Но в том кругу, о котором мы говорим, все равно идут процессы общемировые, в которых концептуализм действительно — достояние истории. Другое дело, что люди, его создавшие, помимо создания самого этого стиля концептуализма, еще нарабатывали собственные мифы. И каждый, кто состоялся в концептуализме, нашел свою мощную идею, которая может длиться на протяжении всей жизни. Скажем, условно говоря, Ренуар, его голые женщины: в 1912 году он их писал, но он их писал и в 1930-х годах[21]. После его смерти, так особенно не приглядываясь к годам, вообще глубоко нет большой разницы, в каком году он писал это.
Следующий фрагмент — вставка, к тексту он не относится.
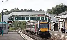 The local rail service is sporadic, running an hourly service in each direction. A local campaign has been established, with the support of the local MP, Welsh Assembly members, County Council and town council, to improve rail services to the town.[8][9] In May 2011, CrossCountry commenced a year-long trial of stopping its Cardiff-Birmingham-Nottingham services at the station on weekdays and Saturdays. In December 2011, it was reported that the trial would be extended until at least December 2012.[10]
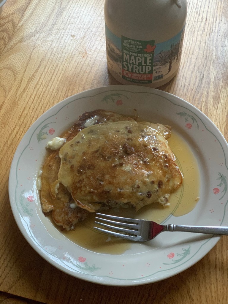 On Sunday morning I made pecan pancakes and bacon for breakfast.
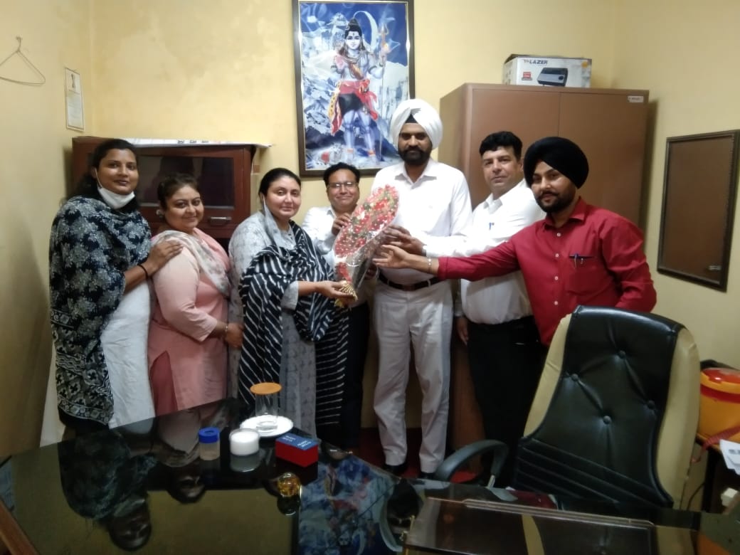 ਜ਼ਿਲਾ ਅਟਾਰਨੀ (ਪ੍ਰੋਸੀਕਿਊਸ਼ਨ) ਸਤਨਾਮ ਸਿੰਘ ਦਾ ਸਵਾਗਤ ਕਰਦੇ ਹੋਏ ਡਿਪਟੀ ਡੀ. ਏ ਵਰਿੰਦਰ ਕੁਮਾਰ, ਤਰਨਵੀਰ ਕੌਰ ਤੇ ਹੋਰ।
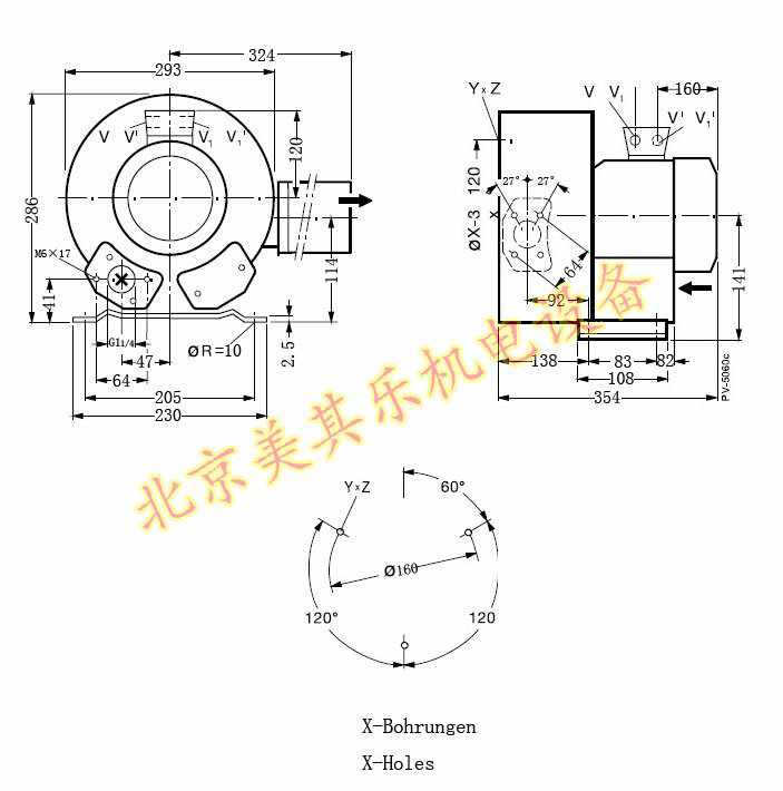 1.3kw雙段高壓鼓風機尺寸圖:單位mm
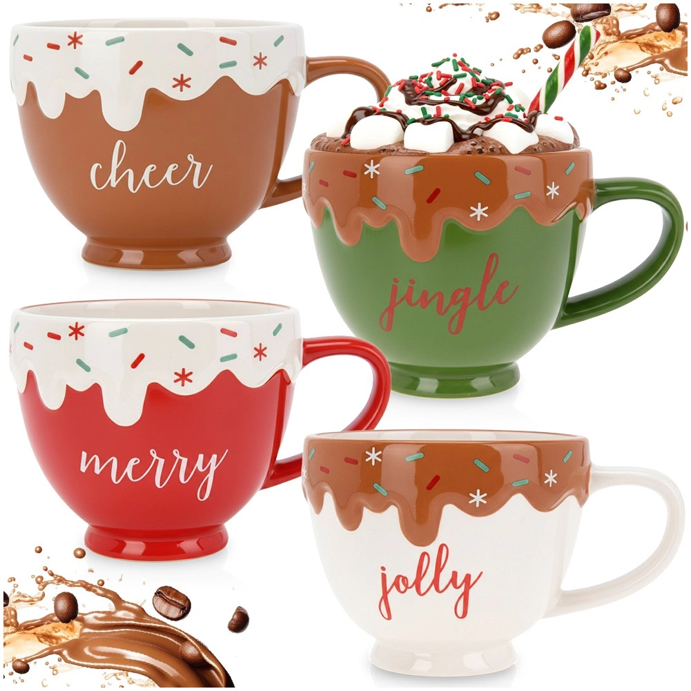 Acest set de patru căni festive aduce în bucătăria ta atmosfera plină de bucurie a Crăciunului. Fiecare cană este decorată cu efect de „glazură care se prelinge” cu presărare colorată și cu o inscripție veselă, devenind astfel nu doar practice, ci și un element decorativ.
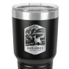 Elevate your daily hydration experience with the striking Badlands Park drinkware collection. Each piece is meticulously crafted and laser engraved to order, with the shield logo etched onto black tumblers, creating a captivating silver metal color contrast that beautifully represents the rugged beauty of Badlands Park.

Хотя, в принципе, в 1912 году постимпрессионизм был актуален и он был неким провозвестником новых жестов художественных, уже в 1935 году он был человеком со своей стилистикой, уже давно в истории искусств, но в качестве творца собственного мифа и работника внутри него он по-прежнему оставался актуальным. Естественно, в наше время быстрой смены стилей и направлений каждый из этих художников, хоть и продолжает разрабатывать основную линию своей идеи, все равно испытывает очень сильное влияние всего нового. Люди моего поколения, начинавшие в привычных медиа живописи, скульптуры, постепенно вовлеченные в этот общий процесс, уже начали работать в инсталляциях, перформансах, хеппенингах, видео, фото. Вот эти новые медиа уже невольно тоже вносили какие-то изменения в их личные художественные проекты.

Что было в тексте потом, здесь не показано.